* _Problem_: Your task is to transcribe the data exactly while omitting each picture.

* _Records for the exercise_:
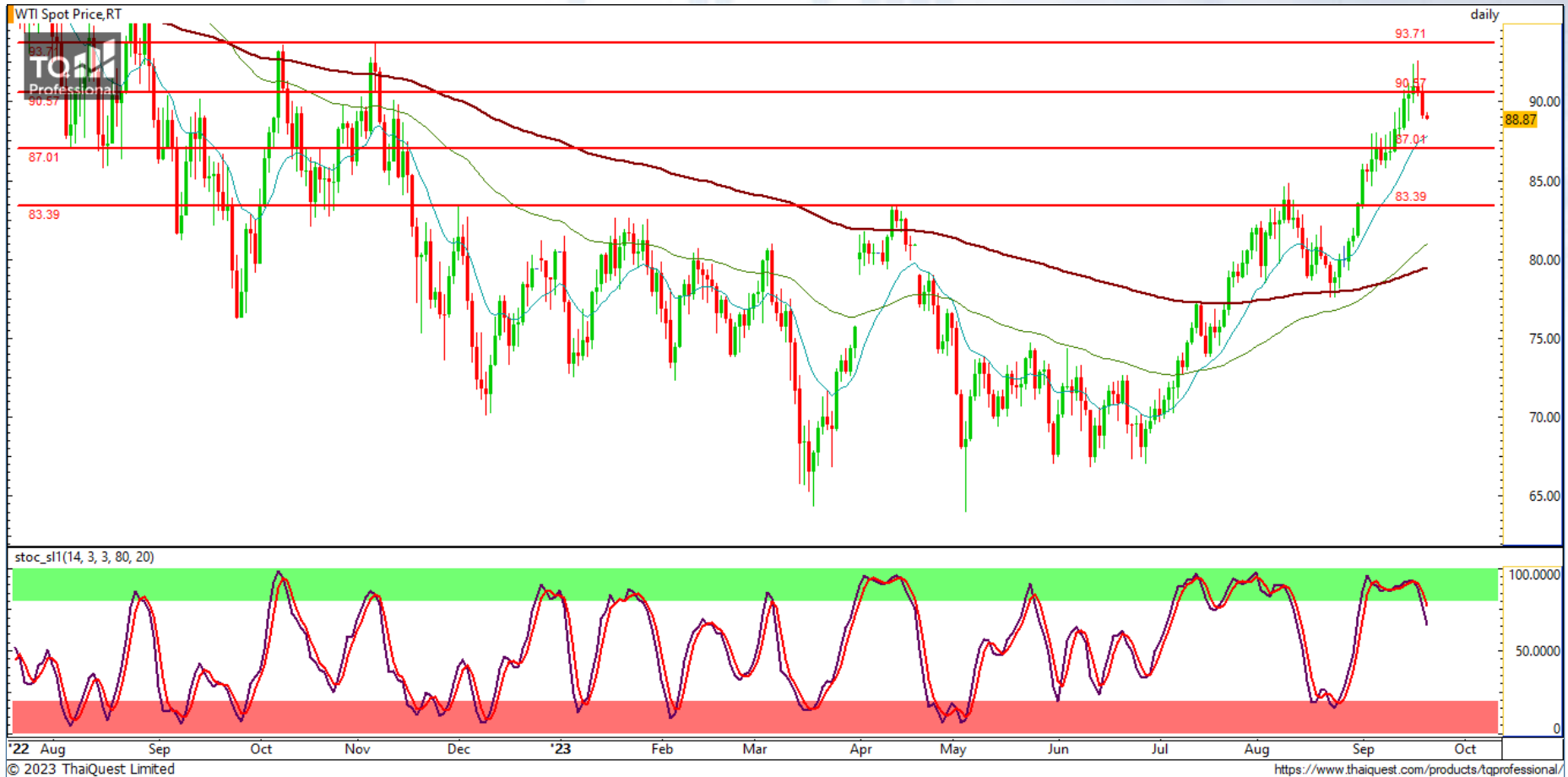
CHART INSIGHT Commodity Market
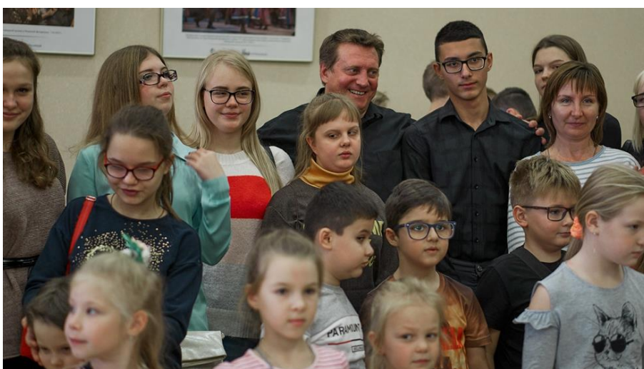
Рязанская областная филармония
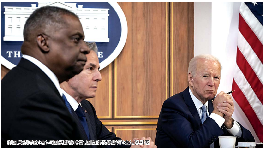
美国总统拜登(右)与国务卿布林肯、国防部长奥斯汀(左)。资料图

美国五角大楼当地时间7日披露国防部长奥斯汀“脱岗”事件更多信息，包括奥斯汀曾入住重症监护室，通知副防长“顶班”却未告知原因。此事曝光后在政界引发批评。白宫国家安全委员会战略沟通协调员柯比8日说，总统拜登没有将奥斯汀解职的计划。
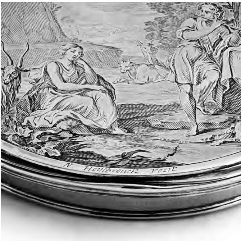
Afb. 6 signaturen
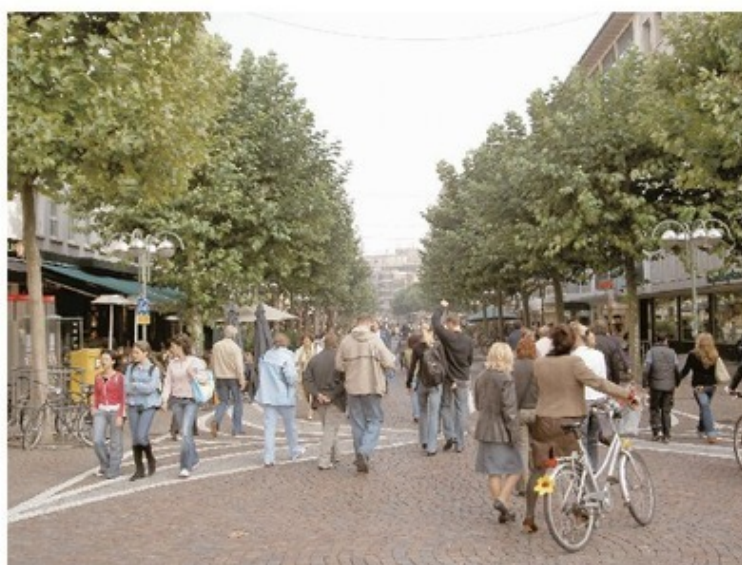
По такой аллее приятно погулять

* _Exercise response_:
CHART INSIGHT Commodity Market
Рязанская областная филармония
美国总统拜登(右)与国务卿布林肯、国防部长奥斯汀(左)。资料图

美国五角大楼当地时间7日披露国防部长奥斯汀“脱岗”事件更多信息，包括奥斯汀曾入住重症监护室，通知副防长“顶班”却未告知原因。此事曝光后在政界引发批评。白宫国家安全委员会战略沟通协调员柯比8日说，总统拜登没有将奥斯汀解职的计划。
Afb. 6 signaturen
По такой аллее приятно погулять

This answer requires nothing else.